Arcania - Gothic 4

Il mancato rilancio di una serie.

Definire "travagliate" le vicende del marchio Gothic vuol dire usare un eufemismo. Dopo aver stregato i giocatori con la trama e le ambientazioni dei primi due capitoli, si è poi passati a quella collection di errori di programmazione che prende il nome di Gothic III , capace di scoraggiare anche il più fedele degli appassionati.

Dopo che i Piranha Bytes hanno deciso di proseguire per la propria strada creando con Risen un quarto capitolo non ufficiale, che qui in redazione non ha convinto, JooWood ha affidato a Spellbound il compito di dare nuovo lustro al nome di Gothic con un titolo che fosse all'altezza dei primi due capitoli.

Il problema di Arcania: Gothic IV nasce proprio qui, in partenza: la grandissima paura di sbagliare ha probabilmente portato gli sviluppatori ad arroccarsi su posizioni ormai consolidate, ripescando meccaniche di gioco viste e riviste, senza tentare di proporre qualcosa di innovativo.

La storia del nostro alter-ego inizierà su una piccola isola, che funge da "zona tutorial" per imparare a muoversi nel mondo di Arcania, per poi spostarsi progressivamente in ambientazioni sempre più vaste, in un susseguirsi di colpi di scena che vi porteranno a incrociare il vostro cammino con i personaggi già conosciuti nel precedente capitolo.

Il mondo di Arcania - Gothic 4.

L'impatto iniziale è piacevole: il mondo intorno a voi è coloratissimo, dettagliato, vivo e fortunatamente non si notano bug o difetti di particolare rilievo. Certo, le vostre capacità di movimento sono così limitate che sembra di stare sui binari, e la struttura di gioco "parla con tizio-uccidi/recupera oggetto-parla nuovamente con tizio-passa allo step successivo" non vincerà il premio per l'idea più innovativa dell'anno, ma tutto sommato possiamo chiudere un occhio visto che siamo nei primi minuti della trama, sperando che le cose cambino col procedere dell'avventura.

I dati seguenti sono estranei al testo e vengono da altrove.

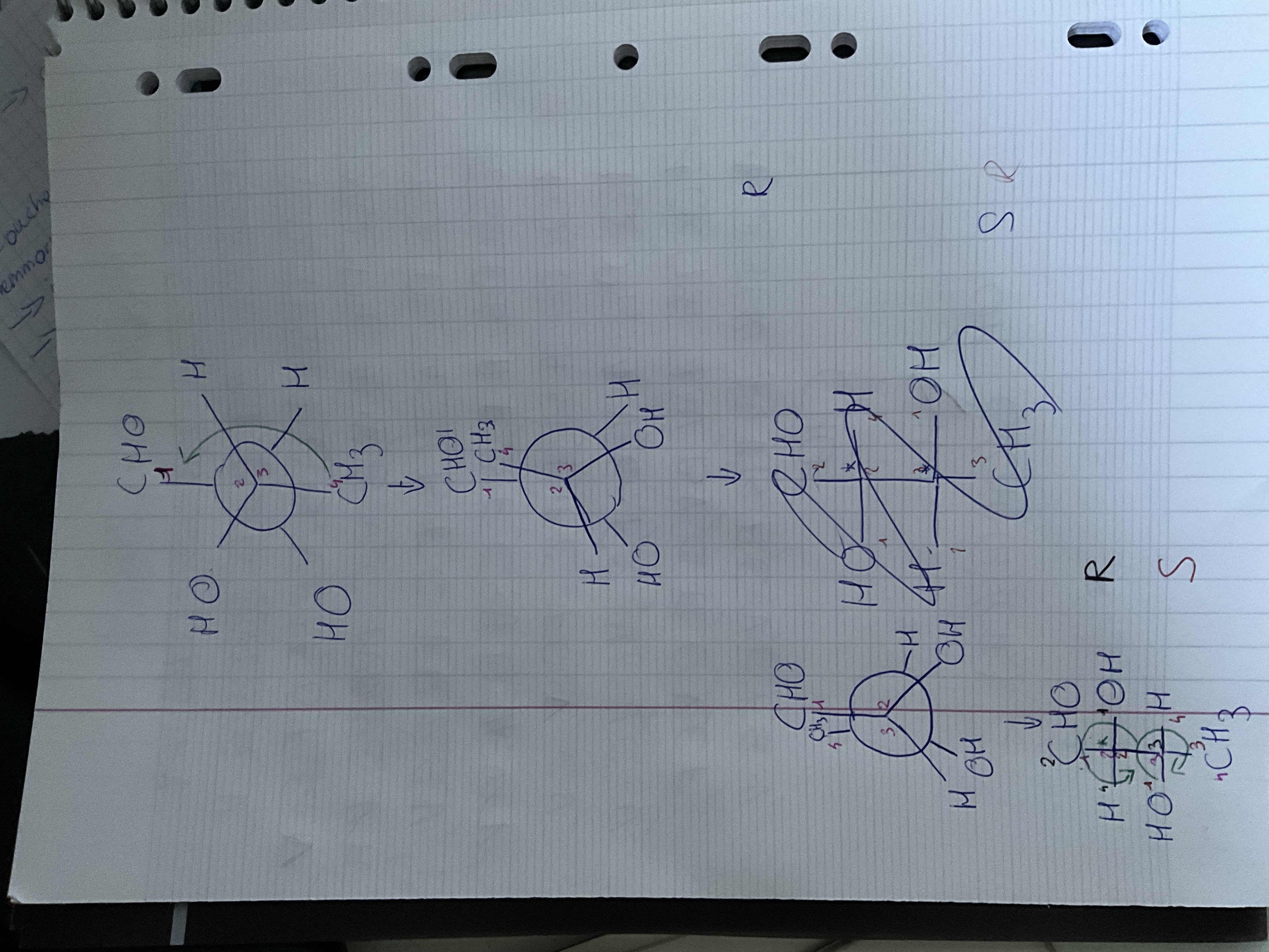 nimo Posted Tuesday at 08:54 AM Author Posted Tuesday at 08:54 AM il y a 16 minutes, POMME a dit : J’avoue j’ai pas spécialement l’habitude de passée en Fischer parce que je trouve ça beaucoup plus simple de visualiser la molécule en Newman mais je dirais que ça donnerais ça (fait pas gaffe à ce qui est rayé je savais plus si on devais mettre le carbone du haut devant mais j’en déduis que oui car sinon c’est inversé) : (Désolée l’image est à l’envers). numéroté en rose tu as la chaîne carboné, en noir l’ordre de priorité pour le premier carbone asymétrique et en rouge pour le deuxième carbone asymétrique. En vert les sens de rotation (je l’ai pas noter mais comme les H sont sur les coté en Fischer ils sont devant donc j’ai directement noter l’inverse). AU début tu doit passer en Newman eclipsé avec ta chaîne carboné en haut. Ensuite j’ai inversé la molécule pour avoir le carbone le plus oxydé devant. Enfin on déplie la molécule en laissant le plus oxydé en haut. Il ne reste plus qu’à faire la configuration, pour le numéro 2 ça tourne en sensé anti-horaire mais le H est devant donc il est R. Pour le carbone numéro 3 ça tourne en sens horaire mais le H est devant donc il est S. On a donc une configuration 2R3S. MERCI ENORMEMENT APRES 2 SEMAINES JE PENSES ENFIN AVOIR COMPRIS MERCIIIIII M il y a 16 minutes, aga_prch a dit : Oui, pardon je suis allé trop vite le deuxième carbone est bien R. H est bien derrière. MERCIII parce que ca m'a permis de voir aussi ou est ce que je pourrai eventuellement me tromper haha mercii à vous deuuux et bonne journée Bastitine, Ankyyrine and POMME 2 1 Quote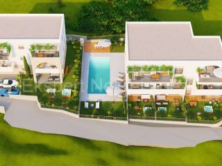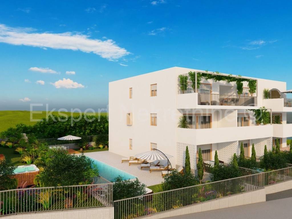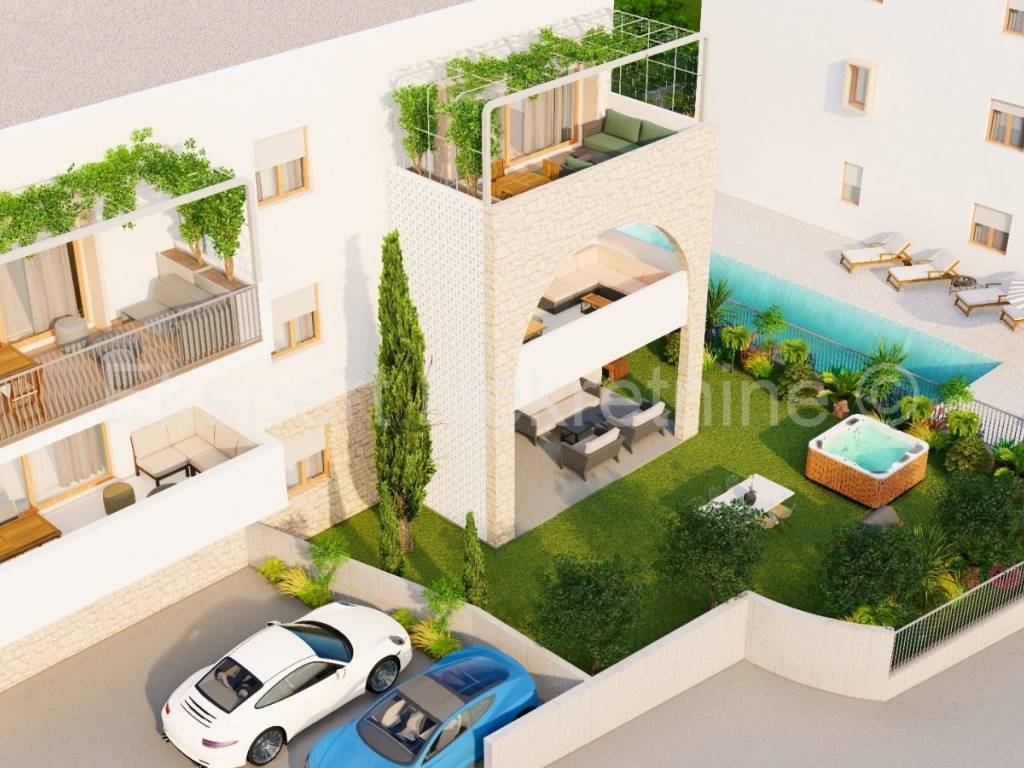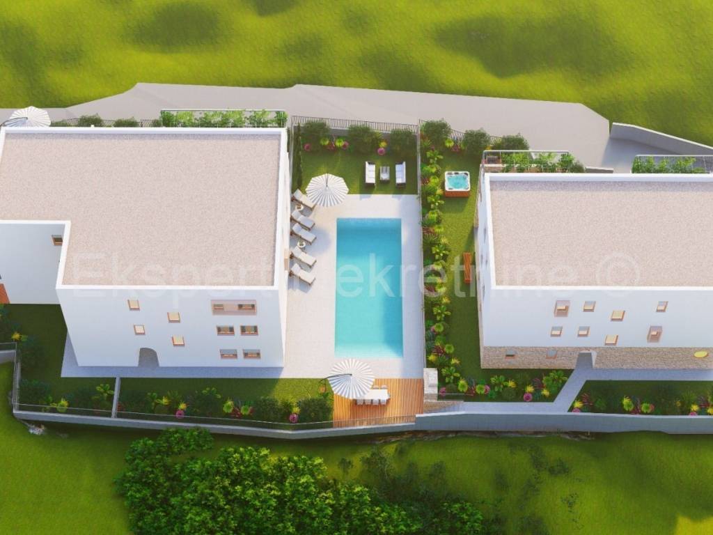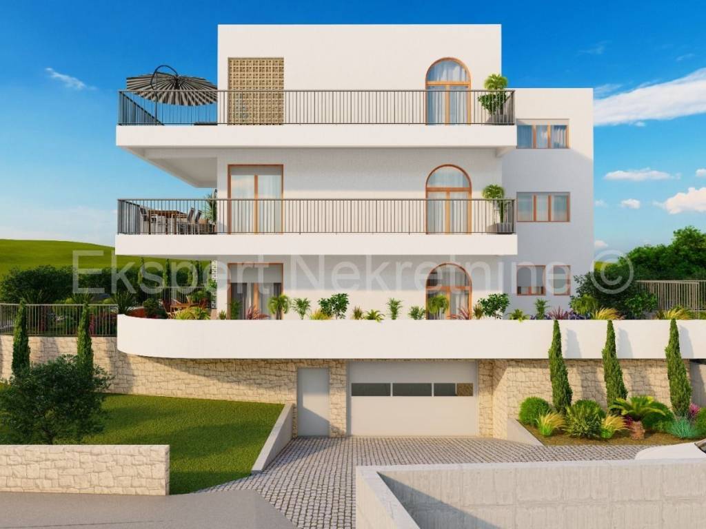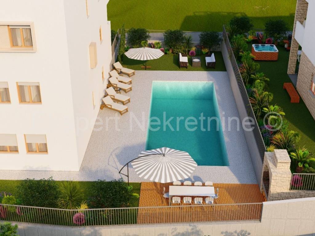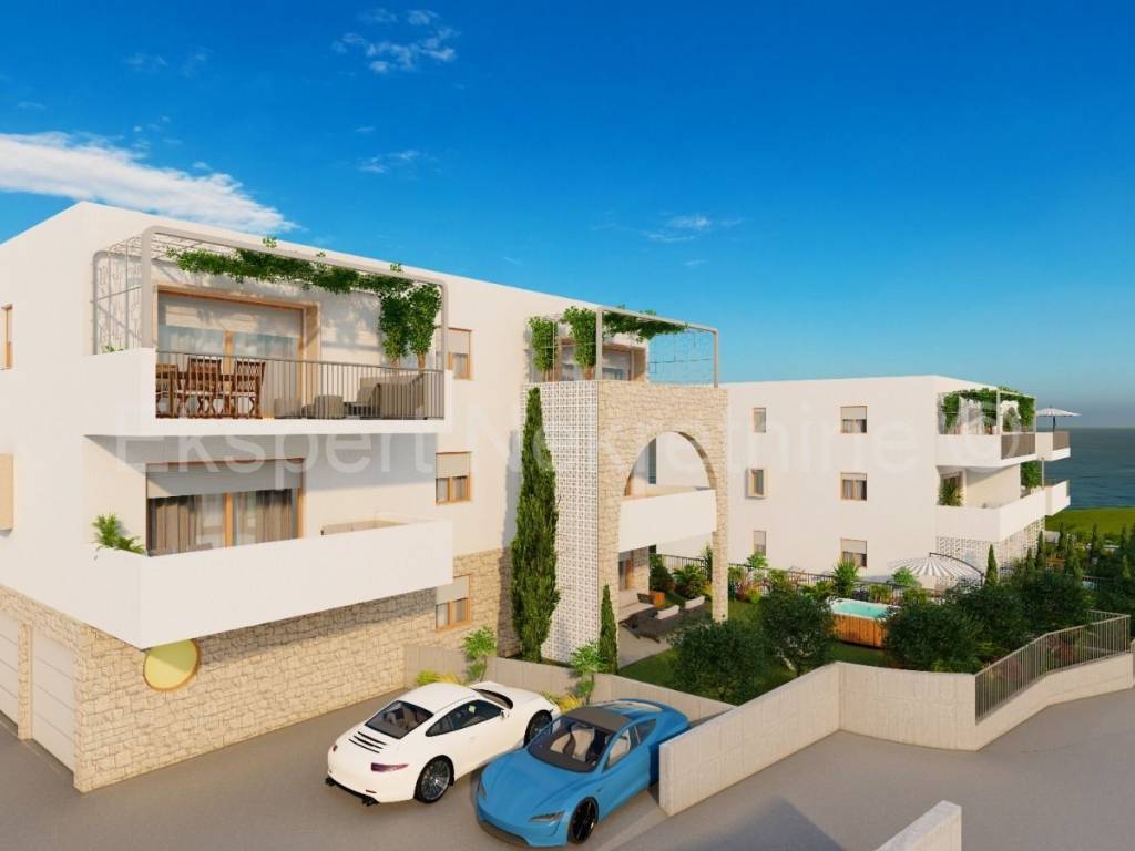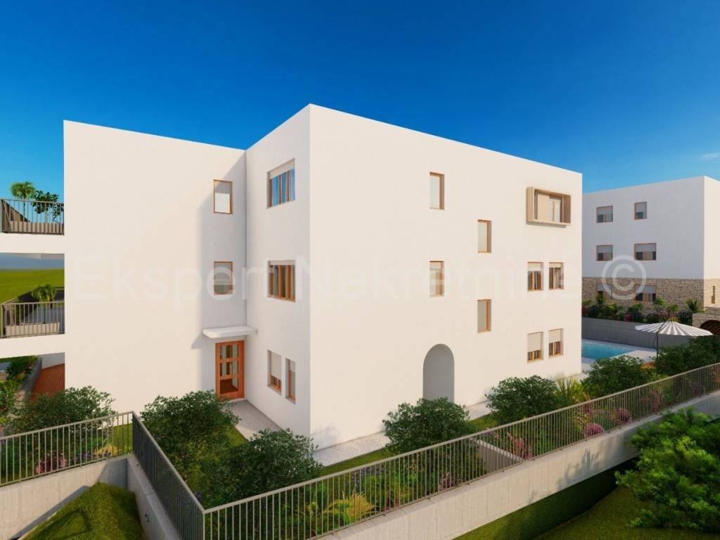 Čiovo, Slatine, two-room apartment 94 m2 in a new building with a swimming pool. The apartment is located on the second (back) floor of the building and the orientation of the apartment is east-north-west. It consists of a hallway, a kitchen with a dining room and a living room, two bedrooms and two bathrooms. and large terraces (15m2). The building consists of 5 residential units and a shared pool, and is only 60 m from the sea and 100 m from the beach. The apartment has one garage and one outdoor parking space. The planned start of construction is January 2024, and completion 20 months later.Each residential unit is equipped with air conditioning in all areas and underfloor heating in the bathroom with the possibility of upgrading. Excellent location in the center of town, close to the sea and the beach and all amenities. Close to SPLIT AIRPORT (11 km), Trogir (7 km) and the city of Split ( 30 km) For reservations and more information, contact the agency.

Anche il meccanismo di avanzamento del personaggio non brilla per originalità: del tutto assenti le classi, sarete voi a scegliere se specializzarvi nel combattimento corpo a corpo, in quello a distanza o in una scuola magica (ce ne sono tre: fuoco, acqua e luce).

Non potrete scegliere quali caratteristiche fisiche aumentare direttamente, avrete solo alcuni punti di avanzamento da distribuire nelle poche specializzazioni disponibili; il problema è che la crescita del personaggio, che dovrebbe essere uno dei momenti più gratificanti del gioco, non dà le sensazioni che è lecito aspettarsi da un gioco di ruolo.